### PROBLEM
In the records below, find the line with "18K皇金材質/HUB120" and repeat exactly every line from it through the line with "This sleek black". Pictures stay out.

### INPUT
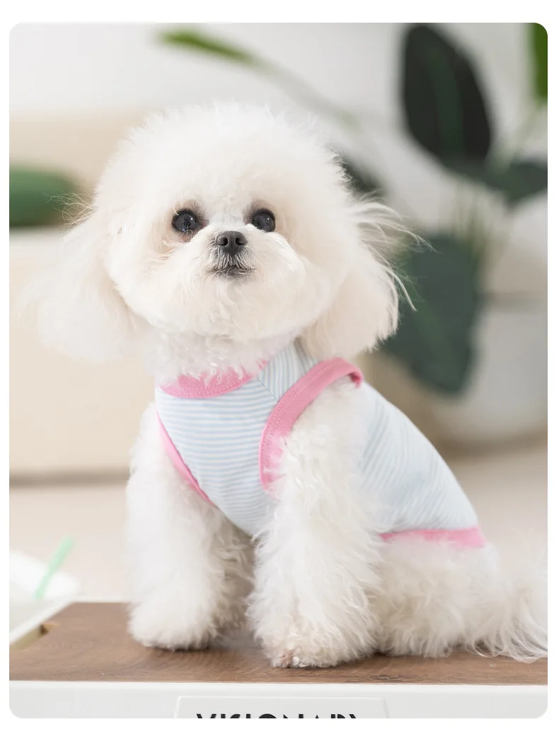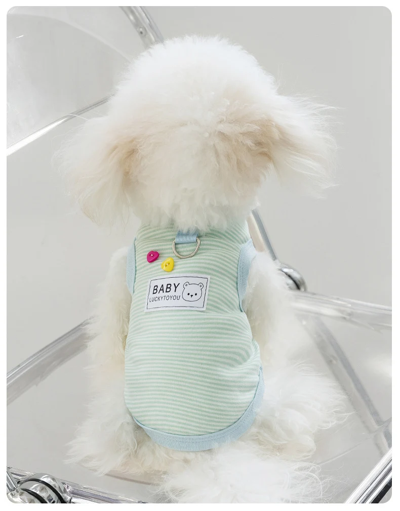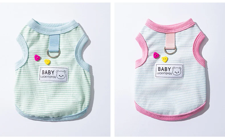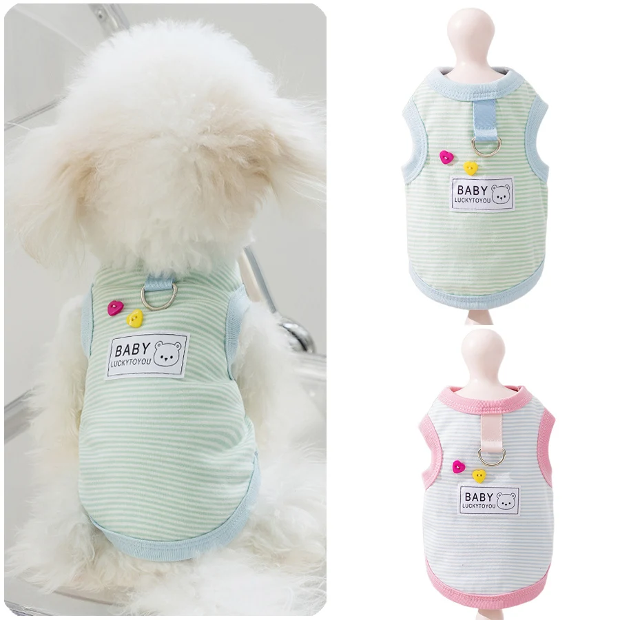 Ropa sin mangas para cachorros con anillo de correa, Camisa de algodón suave para perros pequeños, niñas y niños, ropa de Yorkies a rayas, camiseta sin mangas, chaleco
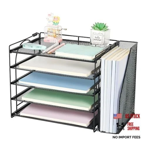Desk Organizer with File Holder, 5-Tier Paper Letter Tray Organizer with Black
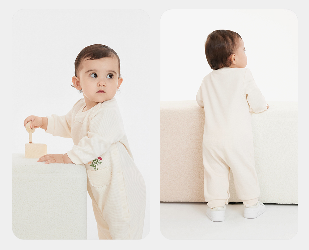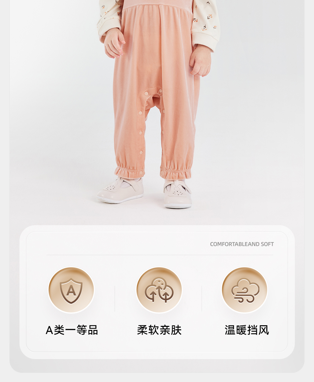 英氏婴幼儿连体衣四季长袖女宝宝爬服小童新款防静电连身衣
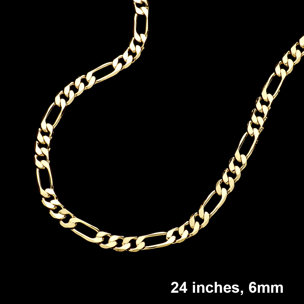 Gold Plated 24 Inch 6mm Figaro Metal Chain Necklace
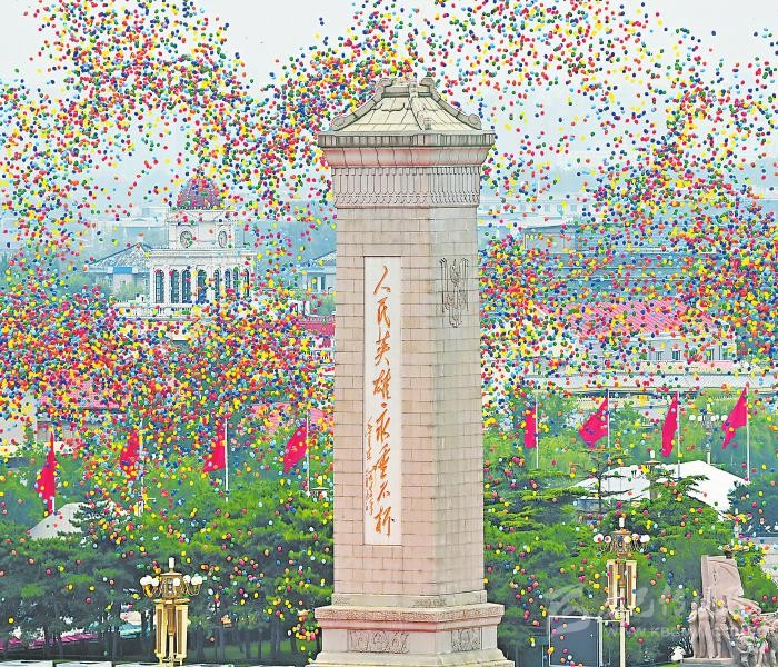 天安門城樓燈火璀璨,廣場上慶祝大會的準備工作緊鑼密鼓。三軍儀仗隊、解放軍聯(lián)合軍樂團,還有北京各高校學生組成的合唱團,正在進行最后的排練。
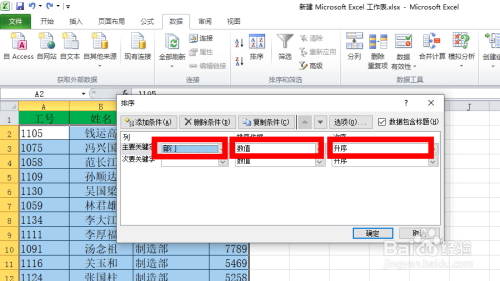在本家儿要关头字前提行别离选择“部分”、“数值”、“升序”。
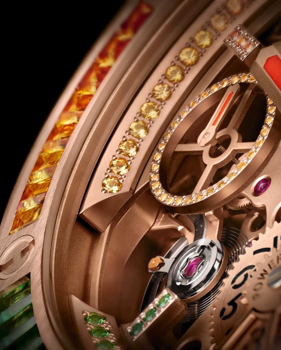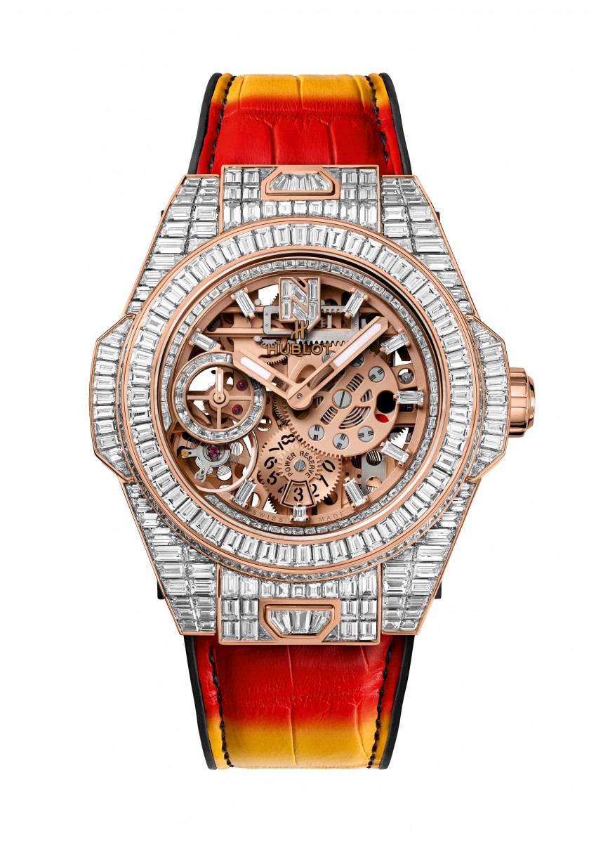 18K皇金材質/HUB1201手動上鍊機芯/時、分顯示/雙動力儲存顯示/錶殼鑲嵌彩色寶石/藍寶石水晶鏡面/防水100米/錶徑45mm/限量30只/參考價:NT$ 2,253,000
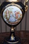 pair vintage cobalt blue limoges decor porcelainvases with satyr handles sides romantic decormarked56 cm height and 23 cm...
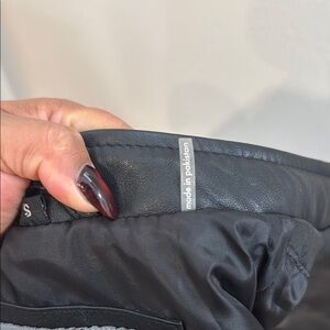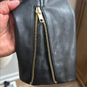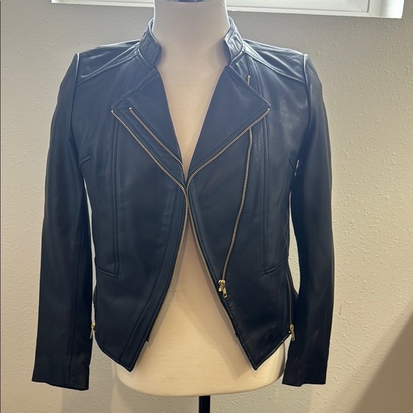 This sleek black leather jacket features a classic motorcycle design with an asymmetrical front zipper and a notched lapel collar. Its fitted silhouette and cropped length offer a modern edge, while the smooth leather material provides a subtle sheen for a sophisticated finish.
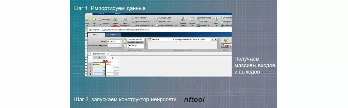 - Выбираем из воркспейса, куда были импортированы данные: Входы/Data, на которых будет происходить обучение (в примере это количество посетителей, месяц, день и наличие акции), и итоговые величины, выходы/target, соответствующие продаже магазина.
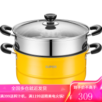 苏泊尔(SUPOR)蒸锅304不锈钢26cm双层加厚大容量家用复底二层蒸笼EZ26BS08 28CM黄色[带碗碟夹+蒸布

### TASK RESULT
 18K皇金材質/HUB1201手動上鍊機芯/時、分顯示/雙動力儲存顯示/錶殼鑲嵌彩色寶石/藍寶石水晶鏡面/防水100米/錶徑45mm/限量30只/參考價:NT$ 2,253,000
 pair vintage cobalt blue limoges decor porcelainvases with satyr handles sides romantic decormarked56 cm height and 23 cm...
 This sleek black leather jacket features a classic motorcycle design with an asymmetrical front zipper and a notched lapel collar. Its fitted silhouette and cropped length offer a modern edge, while the smooth leather material provides a subtle sheen for a sophisticated finish.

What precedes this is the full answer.